08 January 2021
Micaela Mihov was a PhD student at King's Business School.
Tell us a little bit about your PhD research topic.
My PhD thesis investigated the impact of political economy institutions on the development of infrastructure public-private partnerships in Europe. I was lucky to work in an interdisciplinary team with Gerhard Schnyder (a political scientist and comparative management researcher) and Evagelos Pafilis (an economist and PPP expert).
I have always been interested in studying the relationship between public and private provision of social goods. Having a background in political science, I had mostly studied the impact of governments, central banks or international organizations on society. However, I wanted to understand better what the role of the private sector could or should be in the context of public goods.
From the start of my PhD, my aim was to combine theory with practice. Theoretically, my PhD is grounded in organizational management studies and theories of institutional change. For my data collection, I held over 50 interviews with Public-Private Partnership professionals, including public officials, construction company managers, bankers, trade unions, business associations and civil society organisations.
What motivated you to do a PhD and what were you doing before?
Before joining King’s Business School I graduated from the London School of Economics with an MSc in Political Economy of Europe. There, I specialized in comparative capitalism, looking at the interactions between different national systems, including industrial relations, finance, education, corporate governance or inter-firm relations.
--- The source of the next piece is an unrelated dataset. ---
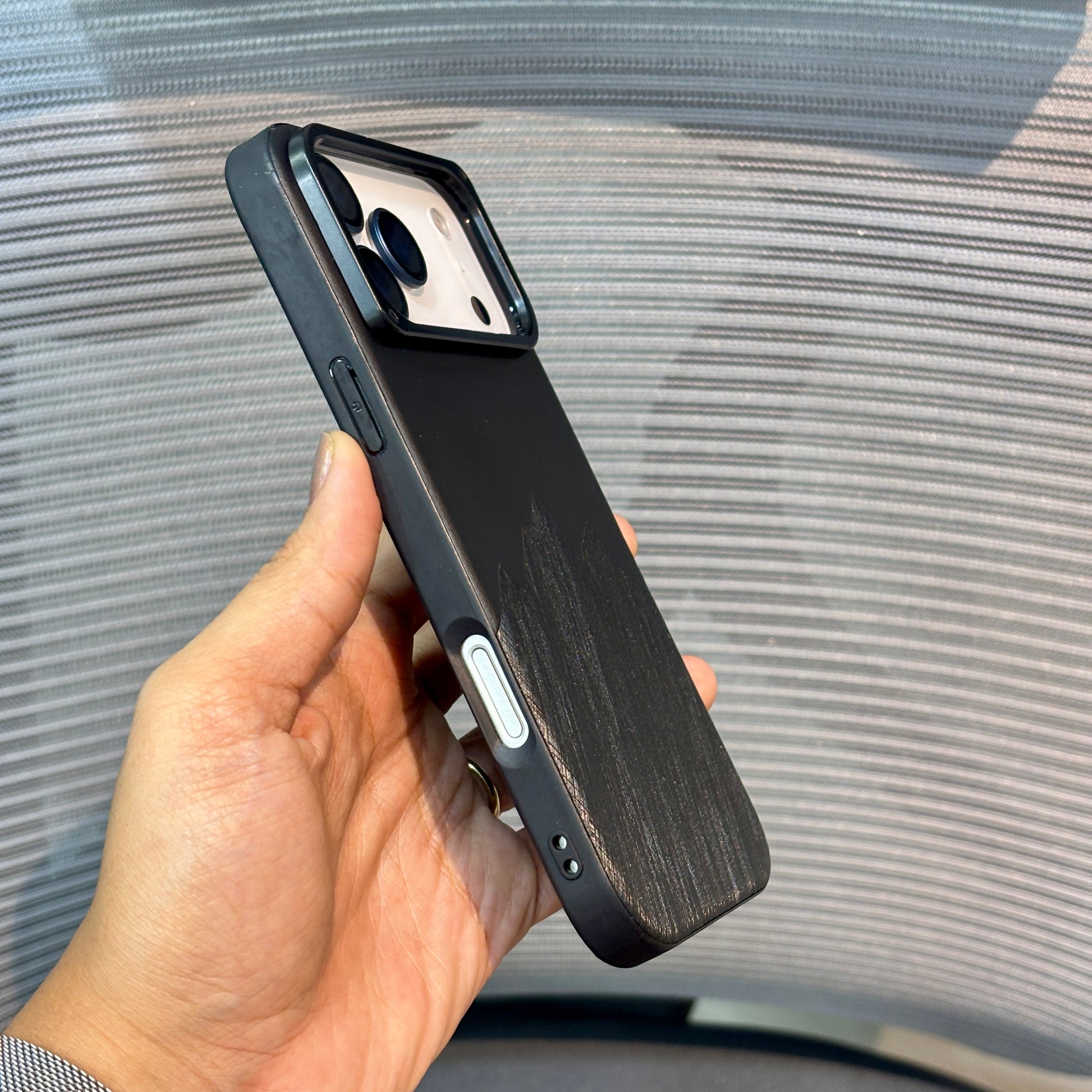 A refined blend of texture and shine — this case combines a leather-like finish with glossy foil detailing, designed for everyday elegance with dependable protection.

I felt that I wanted to learn more about the corporate side to social responsibility.
While writing my proposal for my master’s thesis, I realized that what I wanted to research was going way beyond a master’s thesis - and that was my first step towards my PhD application.
What did you most enjoy about your PhD?
Getting to know myself better. A PhD makes you an expert in the field of research, but it is also a journey of self-reflection and learning your strength and weaknesses. Often there is plenty of support, but sometimes you are confronted with roadblocks that only you can solve. I think my PhD journey has taught me that I can overcome even the most difficult challenges and that there is always light at the end of the tunnel.
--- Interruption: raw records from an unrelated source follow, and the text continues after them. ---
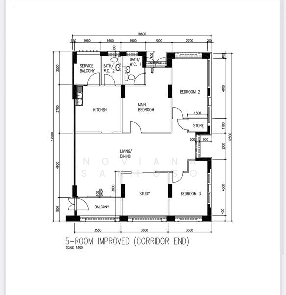 3 bedrooms plus study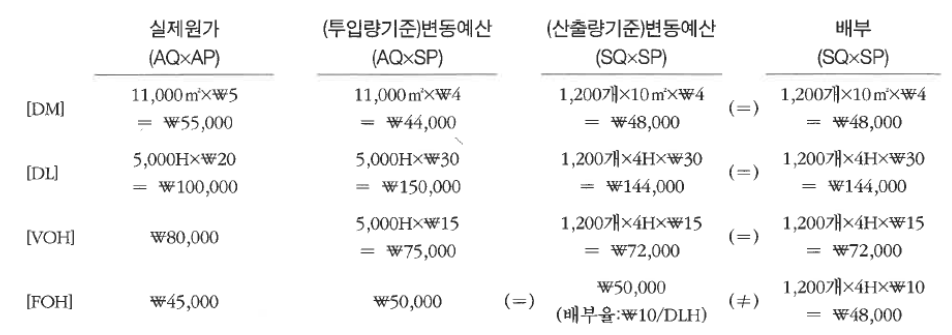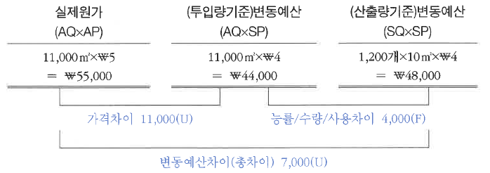 투입량기준 변동예산 : 실제 투입량에 표준가격을 곱하여 구한 예산
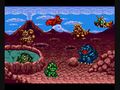 The second page is a beach area that features LittleGodzilla, Manda, Baragon, Battra, Ebirah, and the Giant Octopus. Godzilla, Baragon, Manda, and LittleGodzilla stand on the shore, while Ebirah and the Giant Octopus remain in the water, along with two battleships. Battra flies above the water, near a large rock shaped like Moguera's head. LittleGodzilla will constantly build a sand castle on the beach. Interacting with Baragon causes him to burrow underground and dig a hole underneath Godzilla, which he will fall into. Godzilla then jumps out of the hole, and all of the other kaiju laugh at him. Clicking on Manda simply causes him to roar (though he mistakenly uses Rodan's roar). Clicking on Battra will cause him to fly up to a cloud and fire his prism beams at it, revealing an Xilien UFO which promptly flies away. Clicking on one of the battleships will cause it to fire a cannonball at Godzilla, which comically burns him, causing the other kaiju to laugh. Clicking the other battleship causes it to fire a cannonball at a coconut tree on a nearby cliff, causing a coconut to fall on the Giant Octopus, who angrily spits ink at Godzilla. Clicking on the Giant Octopus will initiate a minigame. In this game, the player must click on one of the Giant Octopus' tentacles based on onscreen instructions. After successfully doing this several times, the game will be complete. Clicking on Ebirah's exposed claw will initiate a minigame, which is a Simon Says-type challenge. Ebirah will emerge from five whirlpools in a random order, which the player must memorize and repeat by clicking on the whirlpool. This game will get progressively harder and more complex, and will eventually be complete after several successful trials. Sometimes, clicking on Battra will initiate another minigame. In this minigame, one or more clouds will appear in the sky, and the player will have to click on a number that appears on the bottom of the screen based on onscreen instructions. Sometimes, this number will correspond to one of the clouds, or the number of clouds that there are.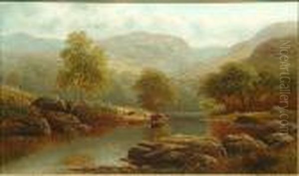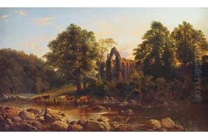 A River Landscape With Cattle Watering, Possibly On The Wharfe; A Lakeland Landscape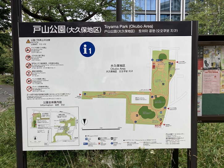 大久保スポーツプラザ交差点を右折し、保善高校入口交差点から戸山公園に入ります。戸山公園は明治通りを挟んで、大久保地区(西側)と箱根山地区(東側)に分かれています。箱根山地区は「C山手線内最高峰と漱石山房記念館をめぐる」で訪れましたので、今日は大久保地区を巡ります。というとC→Dの順に歩いたようになりますが、実際は今日(5月31日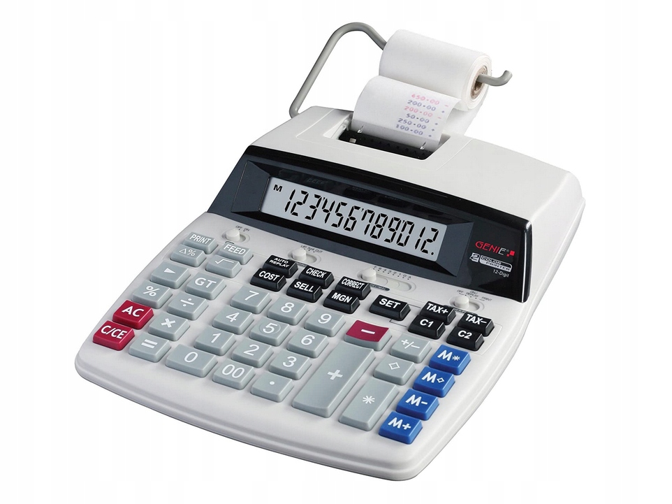 - 12-розрядний настільний калькулятор із червоно-чорним друком (чорнильний рулон)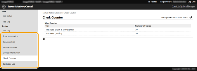 Môžete si pozrieť množstvo informácií o zariadení, ako sú informácie o chybách, množstvo zostávajúceho papiera a tonera, informácie o pripojených voliteľných zariadeniach alebo celkový počet doposiaľ vytlačených strán.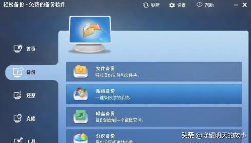 1、下载免费轻松备份,来到备份栏下选择“系统备份”。下面以备份到D盘为例。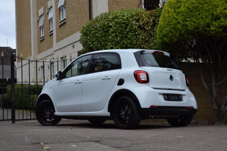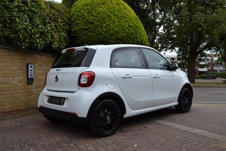 WE HAVE LOTS OF SMART CARS IN STOCK PLEASE LOOK ON [Website URL removed] are pleased to offer this Smart ForFour Prime Sport Premium, finished in white with full black leather upholstery, white tridion safety cell, white grill & 16 inch gloss black sport Y spoke alloy wheels. Factory equipment includes: upgrade sound system with tweeters, satellite navigation, glass panoramic sunroof, rear parking sensors, electric mirrors, climate control, bluetooth, cruise control, heated rear window, heated seats, height adjustable drivers seat and 3 spoke multifunction leather steering wheel with paddle shift gear change. A perfect example offered for sale by DCC: full service history, last serviced at 14,243 miles. The MOT expires on 14/09/2026 and it comes with two keys. Fitted with the sort after 0.9T 90bhp engine, low ownership and low mileage, examples like this are becoming harder and harder to find. We are a Smart specialist, for full up to date Smart stock, please visit our website dcc.co.uk. You can message us via WhatsApp using +44(0)[Phone number removed] - [Website URL removed]. Part exchange is welcome. Competitive finance packages available both HP & PCP, please ask for a quote or more information. Our numerous 5-star customer reviews are available to view on AutoTrader & Google. DCC is a professional, friendly family run business, with an excellent reputation, that we have built up during our 40 years in the industry. During your time spent with us at DCC you can always expect a relaxed, non-pressurized atmosphere where you can view vehicles at your leisure whilst enjoying our huge collection of motoring memorabilia in our quirky underground boutique showroom. We operate a 'viewing by appointment only' policy, please email or phone to arrange a suitable time & date. Our showroom is within easy reach of greater London and Essex; we are located just 15 minutes from the M25, and 5 minutes from the M11 motorways. We are also ideally located 1-minute walk from South Woodford tube station, on the central line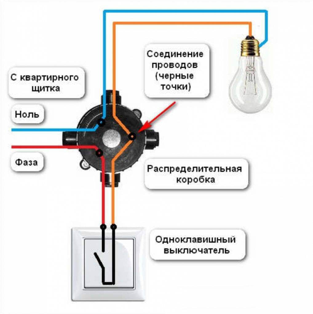 Самый простой вариант – установка одноклавишного выключателя. В этом случае к выключателю подходит лишь два провода: провод фазы и провод, идущий на прибор освещения.

How did you find the transition from student life to research?
Every beginning is difficult, and a PhD probably won’t compare to anything you have done before. What helped me with the transition was to connect with the other PhD students from the beginning. Even though we were all researching different topics, we all experienced similar challenges along the way. Knowing this was very comforting to me and, I have made great friends for life.
Why did you choose King’s Business School?
First of all, because of my supervisor, whose academic profile I found very interesting and aligned with my research interests.
The second reason was King’s reputation for contributing to public policy debates in an interdisciplinary fashion. For me, research has always been about the cross-fertilization of different disciplines, methods and theories, balancing different perspectives and remaining open to new ideas and influences.
How did your time at King’s Business School shape your thinking about your future career and your next steps post-PhD?
The Business School strengthened my desire to use my expertise and research skills in a field where I can make a positive impact on people and society. I recently started a job at the German development agency (GIZ) where I work as an advisor for the German government on multilateral development bank policies.
This position gives me the opportunity to shape real-life policies impacting millions of people who receive development finance. It also allows me to apply my academic background to investigate how public and private financial resources can be used more effectively to help the most vulnerable communities and achieve the UN Sustainable Development Goals by 2030.
What advice would you give to those looking to study for a PhD in Public Services Management and Organisation?
If you are passionate about your research topic, enjoy being part of an international and open-minded community and have found a supervisor that loves your research topic as much as you do, then you should not hesitate any longer: King's Business School will be the right choice for your PhD journey.